Peripheral blood (5 ml) was collected and performed by centrifugation at 3,000 × g for 20 min. The upper layer of the serum was taken and stored at −20°C. The kits were purchased from Santa Cruz Biotechnology, Inc. (Santa Cruz, CA, USA), and the microplate reader was purchased from the Bio-Rad Laboratories, Inc. (Hercules, CA, USA). The steps were carried out strictly in accordance with the specifications.

Statistical analysis

The normal data were expressed as mean ± standard deviation, t-test was used for comparison, while the measurement data were expressed by rate. The Chi-square test was used for comparison. The exposure risk was tested using a single factor logistic model and expressed by the odds ratio (OR) value. P<0.05 indicated that the difference was statistically significant. The SPSS 20.0 software (IBM, Armonk, NY, USA) was applied for statistical analysis.

Results

Analysis of the polymorphisms of −800G/A and +915G/C gene

The proportion of −800G/A gene AA subtype and A allelic gene in the observation group was significantly higher than that in the control group, while the proportion of +915G/C gene CC subtype and C allelic gene was also significantly higher than that in the control group; differences were statistically significant (P<0.05).

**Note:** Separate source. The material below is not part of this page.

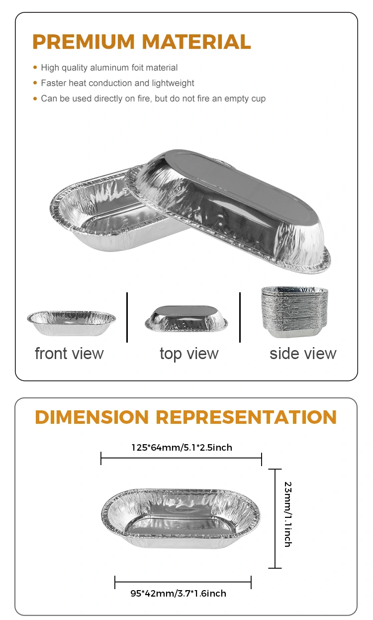 Il contenitore alimentare per lamina d'argento ovale Yunchu ha una dimensione molto modesta, con un diametro superiore di 125*64 mm (5,1*2,5 pollici), un diametro di base di 95*42 mm (3,7*1,6 pollici), un'altezza di soli 23 mm (1,1 pollici) e una capacità di 105 ml (3.7 oz). Questa dimensione non è solo facile da trasportare, ma può anche soddisfare una varietà di esigenze di utilizzo diverse.

The cancer risk (OR) of patients with A allelic gene in −800G/A gene was 4.8 (117×96/39×60) (95% CI=2.563–6.537, P<0.05) while the cancer risk (OR) of the patients with C allelic gene in +915G/C gene was 4.7 (102×111/54×45), (95% CI=2.317–5.864, P<0.05) (Table II).

Table II.

Analysis on the polymorphisms of −800G/A and +915G/C gene [n (%)].

Table II.

Analysis on the polymorphisms of −800G/A and +915G/C gene [n (%)].

−800G/A+915G/C


GroupsCasesGGGAAAGAGGGCCCGC
Observation group156281110639 (25.0)117 (75.0)312379  54 (34.6)102 (65.4)
Control group1567026  3496 (61.5)  60 (38.5)961530111 (71.2)  45 (28.8)
χ2 60.471 42.423 56.794 41.793
P-value <0.001 <0.001 <0.001 <0.001
Comparison of serum TGF-β1 expression levels

The TGF-β1 expression levels of −800G/A gene AA subtype serum in the observation group were significantly higher than GG type, GA type and the control group, while the TGF-β1 levels of +915G/C gene CC subtype were significantly higher than GG type, GC type and the control group, and the differences were statistically significant (P<0.05) (Fig. 1).

Discussion

SNP is characterized in the third generation of genetic markers found currently. A previous study has shown that there are 10 TGF-β1 gene SNPs at least, including −988 (C>A), +72 (insC), −509 (C>T), −800 (G>A), codon 327 (Thr>Pro), codon 10 (Leu>Pro), codon 47 (Gly>Glu), codon 263 (Thr>Ile), codon 25 (Arg>Pro) and 713-8delC (6). The detection methods of SNPs include restriction fragment length polymorphism (RFLP), single-stranded conformation polymorphism (SSCP) and allele-specific oligonucleotide (ASO) probe.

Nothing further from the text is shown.